Frances Power Cobbe, champion of the rights of working-class women, wrote in 1878: “Wife-beating exists in the upper and middle classes rather more, I fear, than is generally recognized; but it rarely extends to anything beyond an occasional blow or two not of a dangerous kind”
This was because there was a protection built into society as researcher Jenna Dodenhoff writes:
"In a society as highly dependent on social approval as that of the Victorian middle and upper classes, all but the most vicious of husbands would be keenly aware of the pretension that wives were husbands‟ mates and to be treated with dignity".
As for shelters and support systems (for the lower class).
Jenna Dodenhoff writes:
"While physical violence was generally accepted and expected among the working class, it had the unexpectedly positive side effect of providing the victim with a built-in support network her social superiors lacked. It was improper for neighbors to intervene in an altercation between husband and wife, which was regarded as a natural part of marriage, but female neighbors tended to a battered wife‟s wounds, offering her a safe haven if she saw fit to flee her husband‟s temper"
While failing to live up to the Victorian ideal of marriage led a great deal of husbands to covet a superior attitude towards their wives, the fact that it was so social unacceptable made advocacy so prolific and the act so foreign to a modern reader of accounts.
Crime: Well, lets just say gun violence because it is hard to get statistics for crime before the 20th century. It is reported that in all of the UK 3 homicides were committed with guns in 1890-1892 (http://www.allsafedefense.com/news/International/EnglishFailures.htm) Now compare that with San Francisco at any time.
From the BBC history of crime:
The economic downswings of the second half of the nineteenth century were generally not as serious, widespread, or life threatening as those of preceding centuries. Violent behaviour was increasingly frowned upon, dealt with increasingly severely by the courts, and seems, in consequence, to have been brought under a greater degree of control. The new police forces, uniformly established across the whole country in the mid-1850s and subject to annual inspections on behalf of Parliament, appear to have had some success in suppressing those forms of public behaviour that respectable Victorians considered rough and offensive. Violent crime in the form of murder and street robbery never figured significantly in the statistics or in the courts.
Hatred: Do we even have to go here?
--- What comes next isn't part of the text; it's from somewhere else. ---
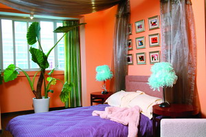 高榕說 臥室的床品顯得有些單調。辛苦一天的人都想立刻撲在床上睡個好覺,而床就應該讓人有一看到就想撲上去的欲望。如果給它加上兩個長枕頭,四到六個大靠包,紗幔外加一頂天鵝絨的厚帳幔,顏色變得暖暖的,有一種曖昧的慵懶氣息在里面,好像歐洲城堡里的床,一定會讓女孩子做個美美的夢。
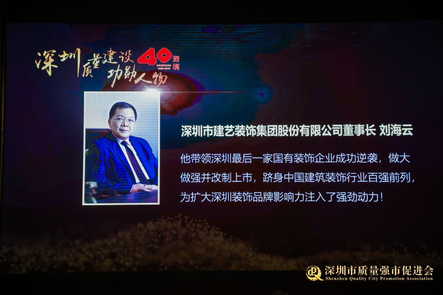 作為榮膺“功勛人物”的企業(yè)家之一,“深商風云人物”——劉海云主席長期以來深耕深圳質量建設。大會現(xiàn)場這樣評價劉海云主席:“他帶領深圳最后一家國有裝飾企業(yè)成功逆襲,做大做強并改制上市,躋身中國建筑裝飾行業(yè)百強前列,為擴大深圳裝飾品牌影響力注入了強勁動力?!?/span>

The fact we have a term "Ethnic Cleansing" and "Genocide" where those concepts were so foreign to the Victorian mind. "The Killing Fields" had just happened in Cambodia right before the action of the film takes place.
War: More people died in the 20th century from warfare than every other century combined in the history of record keeping.
So this is a brief challenge to your incorrect assumptions.
While Jack the Ripper was confined to a small corner of the East end his story was blown out of proportion because of its peculiarity (Interestingly the Night Stalker would start to prowl around the same year as the film 1979). The 1890's despite its problems with the industrial revolution (primarily in the cities) it was an overwhelmingly kinder and gentler place to live. The general love amongst "neighborers" was greater as well as moral fortitude in all areas. It was generally a safer and a subjectively better place to live.